Óscar Felgueiras considera que é preciso monitorizar os indicadores e considera que é sobretudo difícil ter neste momento uma avaliação com segurança da situação. “Neste momento temos vários fatores a afetar a evolução recente e é isso que ainda não se consegue avaliar com segurança”, defende. “Tivemos duas semanas de aulas com a reabertura a 15 de março, sendo que na segunda começaram a aparecer mais casos em crianças. Depois temos uma semana de pausa letiva que culmina com o fim de semana da Páscoa, em que poderá haver um efeito de aumento de transmissibilidade, que ainda temos de confirmar. E depois temos esta reabertura do segundo e terceiro ciclo, de esplanadas e de outros serviços sobre os quais ainda não temos grandes dados, portanto não conseguimos fazer um avaliação com informação completa. E para além disso temos outro fator perturbador que é termos um padrão de testagem que não tem sido constante. Houve menos testes e depois um aumento de rastreios na semana passada, com uma testagem que foi quase o dobro da semana anterior, agora com um novo elemento que são os autotestes, pessoas que antes não faziam testes. Temos uma malha de deteção maior, mas não sabemos até que ponto é que isso está a contribuir para mais diagnósticos e incidência”, elenca.
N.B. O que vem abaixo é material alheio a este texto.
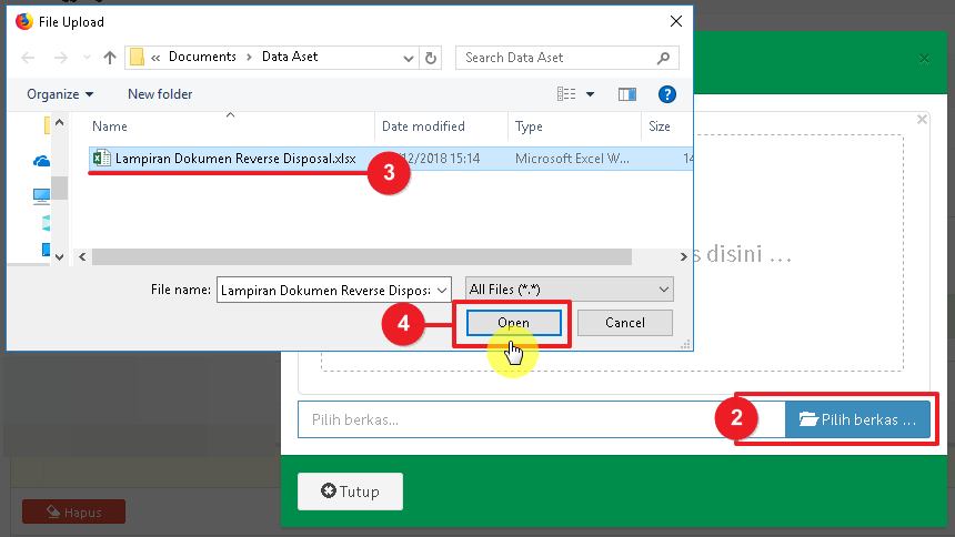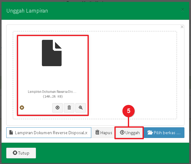 Berikut langkah-langkah mengunggah file lampiran reverse disposal:

Para Manuel Carmo Gomes, o aumento da testagem é o caminho para conseguir um maior controlo da epidemia. O epidemiologista defende que não se deve atribuir o aumento de casos a maior testagem, sublinhando que o RT está a subir há um mês, desde 12 de fevereiro. E mais rápido do que noutras fases da pandemia, o que admite que possa ser resultado da disseminação da nova variante. “A incidência não está a aumentar porque estamos a testar. Estamos a testar mais aleatoriamente, com menor positividade, pelo que não é isso que explica este aumento acentuado de transmissão”.